Data Types¶
DataType is the base type of all the data types in Spark SQL.
Built-in data types belong to the org.apache.spark.sql.types
package.
A schema is the description of the structure of your data (which together create a Dataset in Spark SQL). It can be implicit (and inferred at runtime) or explicit (and known at compile time).
val df = Seq((0, s"""hello\tworld"""), (1, "two spaces inside")).toDF("label", "sentence")
scala> df.printSchema
root
|-- label: integer (nullable = false)
|-- sentence: string (nullable = true)
scala> df.schema
res0: org.apache.spark.sql.types.StructType = StructType(StructField(label,IntegerType,false), StructField(sentence,StringType,true))
scala> df.schema("label").dataType
res1: org.apache.spark.sql.types.DataType = IntegerType
A schema is described using StructType which is a collection of StructFields (that in turn are tuples of names, types, and nullability
classifier).
import org.apache.spark.sql.types.{IntegerType, StringType}
val schemaTyped = new StructType()
.add("a", IntegerType)
.add("b", StringType)
DataTypes utility can be used to create data types.
import org.apache.spark.sql.types.DataTypes._
val schemaWithMap = StructType(
StructField("map", createMapType(LongType, StringType), false) :: Nil)

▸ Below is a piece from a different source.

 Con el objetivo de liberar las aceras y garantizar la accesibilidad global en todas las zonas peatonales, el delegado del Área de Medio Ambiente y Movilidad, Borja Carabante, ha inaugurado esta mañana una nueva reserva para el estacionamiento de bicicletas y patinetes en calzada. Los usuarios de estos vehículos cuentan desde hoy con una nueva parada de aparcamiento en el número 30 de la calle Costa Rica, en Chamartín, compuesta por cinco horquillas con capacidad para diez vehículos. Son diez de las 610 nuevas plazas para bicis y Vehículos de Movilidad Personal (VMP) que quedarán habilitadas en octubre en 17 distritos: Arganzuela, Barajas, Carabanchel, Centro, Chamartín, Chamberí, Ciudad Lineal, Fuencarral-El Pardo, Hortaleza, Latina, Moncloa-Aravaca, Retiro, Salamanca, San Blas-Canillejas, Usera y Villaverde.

CatalystSqlParser is responsible for parsing data types.
Encoder allows describing the schema in a type-safe manner.
import org.apache.spark.sql.Encoders
scala> Encoders.INT.schema.printTreeString
root
|-- value: integer (nullable = true)
scala> Encoders.product[(String, java.sql.Timestamp)].schema.printTreeString
root
|-- _1: string (nullable = true)
|-- _2: timestamp (nullable = true)
case class Person(id: Long, name: String)
scala> Encoders.product[Person].schema.printTreeString
root
|-- id: long (nullable = false)
|-- name: string (nullable = true)
StructType
gives printTreeString that makes presenting the schema more user-friendly.

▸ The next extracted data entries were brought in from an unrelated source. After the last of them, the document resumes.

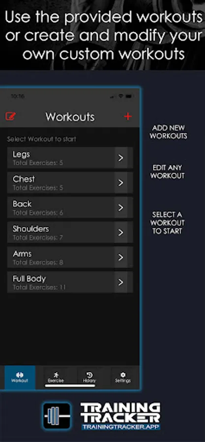 The design of Training Tracker’s interface makes it simple to navigate. A few exercises and simple workouts come preloaded in the app for use. You can use them as they are or edit them to fit your needs. This apps interface allows you to easily enter your own exercises. You can give them any name you like and use them to build your own custom workouts based on your typical gym routine, or any new routine you would like to log and track.
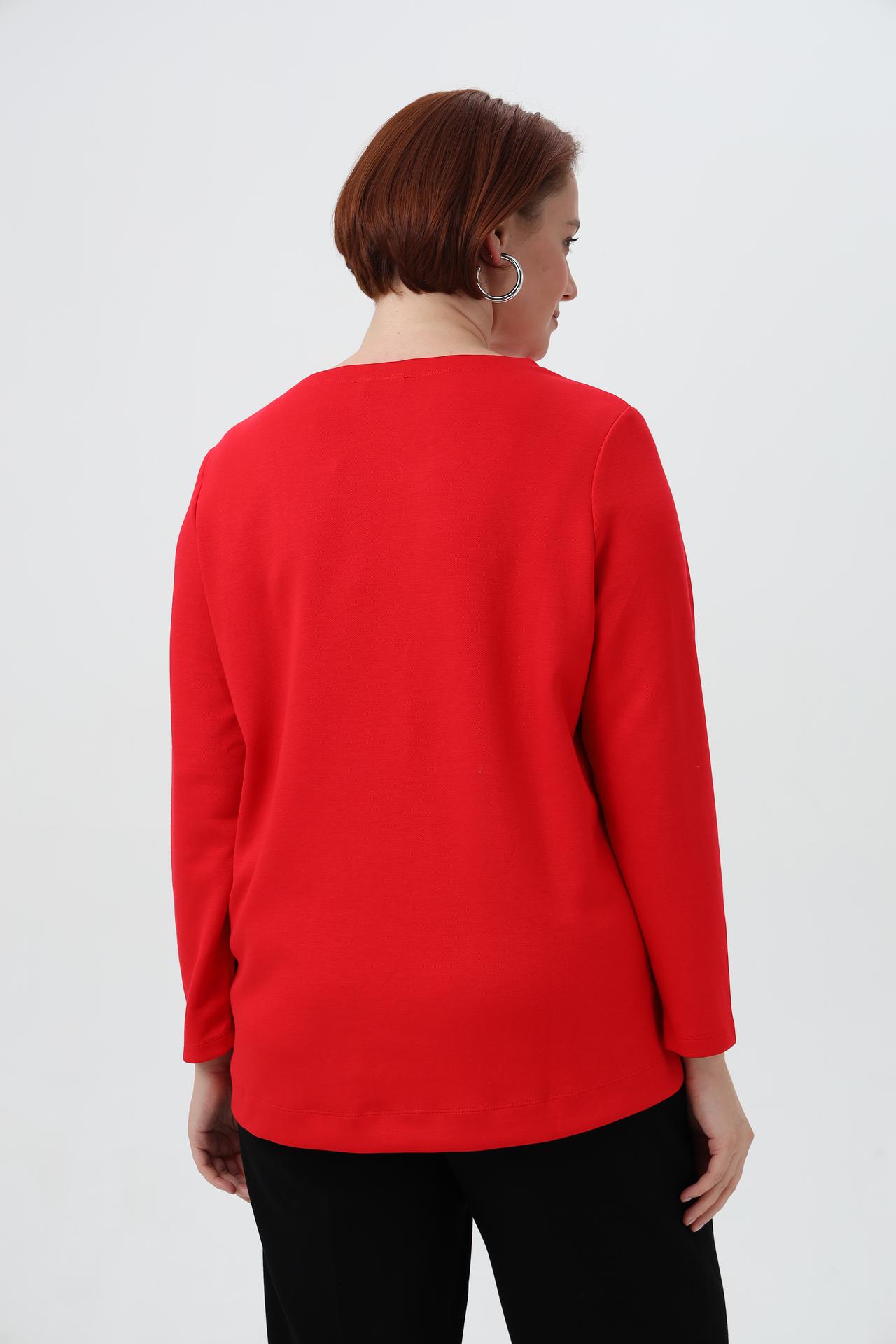 - Цвет: Яркий красный. Этот насыщенный оттенок делает пуловер заметным и универсальным, легко сочетается с различными элементами гардероба.
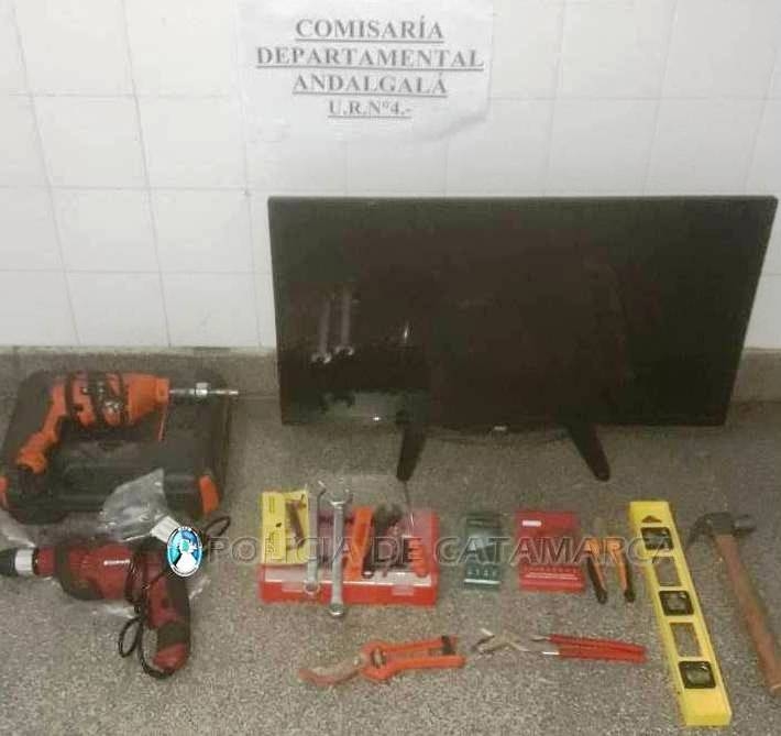 En viviendas, propiedad de las familias Nieva, Gómez, y Luna respectivamente, todas ubicadas en la zona céntrica de la Ciudad de Andalgalá, los policías procedieron al secuestro de un TV marca AOC, de color negro, un taladro Eimell rojo, un Taladro Black & Decker, un martillo y varias herramientas, y aprehendieron a un joven de apellido González, de 20 años, quien sería el presunto autor del hecho investigado.
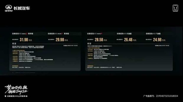 全新坦克400正式上市 售价24.98-31.98万元 增加激光雷达
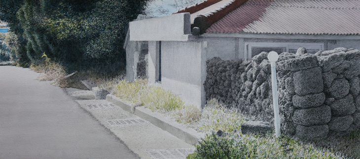 초겨울 눈부신 햇살이 마을 중심을 향하는 길에 내리쬐고 있다. 길가에 풀들은 말라있지만 가로수로 보이는 나무들은 초록의 짙은 에너지를 그대로 간직하고 있다. 오래전부터 있었던 길가의 집을 통해 최소한 두 세대의 변화가 한 화면에 들어왔다. 슬레이트 지붕은 초가집이었던 시절에 지붕 개량으로 우선 변화를 모색했을 것이다. 그래도 돌담은 큰 변화를 겪지 않았고. 마을 안길을 넓히는 작업 과정에서 집은 도로와 바짝 붙게 되었으리라. 자동차가 상용화되는 시대가 도래하면서 아스팔트길로 변모를 하고 도시기능에 가까운 배수시설까지 겸비한 길로 현대적 도로망에 편입됐다는 것은 도농복합지역 정도의 발전적 위치에 도달했다는 것이다. 그 과정에서 저 집은 낮아졌다. 도로가 높아지니 상대적으로 옛 모습은 낮아지는 순응의 모습이다. 감내해야 하는 발전의 숙명을 그리려고 한 것이다. 탈색된 붉은 지붕을 통해 시간과 빛의 만남이 성사됐다. 평범한 일상을 흠모하듯이 아무 관심도 둘 것 같지 않은 농촌마을 길가의 집을 통해 이 마을이 걸어온 길을 반추하게 되는 의미도 있다. 세상에 어떤 것도 저 눈부신 햇살 아래 그대로 있는 것은 없다. 빛보다 빠른 것을 찾지는 못하였으나 저러한 햇빛들이 변화시키는 소박한 사람들의 변천사를 발견하게 된다. 회화적인 관점에서 놀라울 정도로 다양한 명암과 그림자가 하모니를 이루고 있다. 그냥 스쳐 지나가는 무관심들을 향해 평범함이 주는 찬란한 메시지. 앞으로 이 풍경은 또한 어떻게 변해갈까?
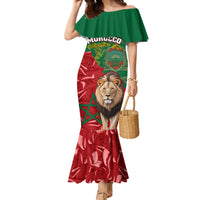 Morocco Independence Day Family Matching Mermaid Dress and Hawaiian Shirt Barbary Lion With Moussier Redstart
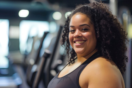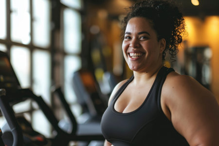 Active fat woman starting her run on a treadmil during her cardio workout at the gym
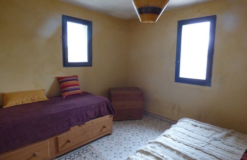 The farm is an excellent starting point for visiting the imperial cities of Fez and Meknes. You will enjoy the calm of returning from a journey in these tumultuous but no less fascinating cities. The region of Annoucer, known for its many lakes, is ideal for hiking donkeys, hiking or motorbike, through a multitude of trails connecting lakes and Berber villages scattered in the mountains. You will be welcomed in a farm (2500 fruit trees and vegetable garden) and will be housed in a cottage with two bedrooms, a living room, a kitchen, a bathroom and sanitary. In winter, heating is provided by a wood stove. The lodging can be in free management or if you wish, to taste the good Berber dishes made by Khadija, on order. The sleeping capacity is 5 people distributed in two rooms. The benches of the Moroccan lounge can also accommodate one or two additional people, for an additional charge of 12 € / person.

scala> schemaTyped.printTreeString
root
|-- a: integer (nullable = true)
|-- b: string (nullable = true)
scala> schemaWithMap.printTreeString
root
|-- map: map (nullable = false)
| |-- key: long
| |-- value: string (valueContainsNull = true)
// You can use prettyJson method on any DataType
scala> println(schema1.prettyJson)
{
"type" : "struct",
"fields" : [ {
"name" : "a",
"type" : "integer",
"nullable" : true,
"metadata" : { }
}, {
"name" : "b",
"type" : "string",
"nullable" : true,
"metadata" : { }
} ]
}
import org.apache.spark.sql.types.StructType
val schemaUntyped = new StructType()
.add("a", "int")
.add("b", "string")
// alternatively using Schema DSL
val schemaUntyped_2 = new StructType()
.add($"a".int)
.add($"b".string)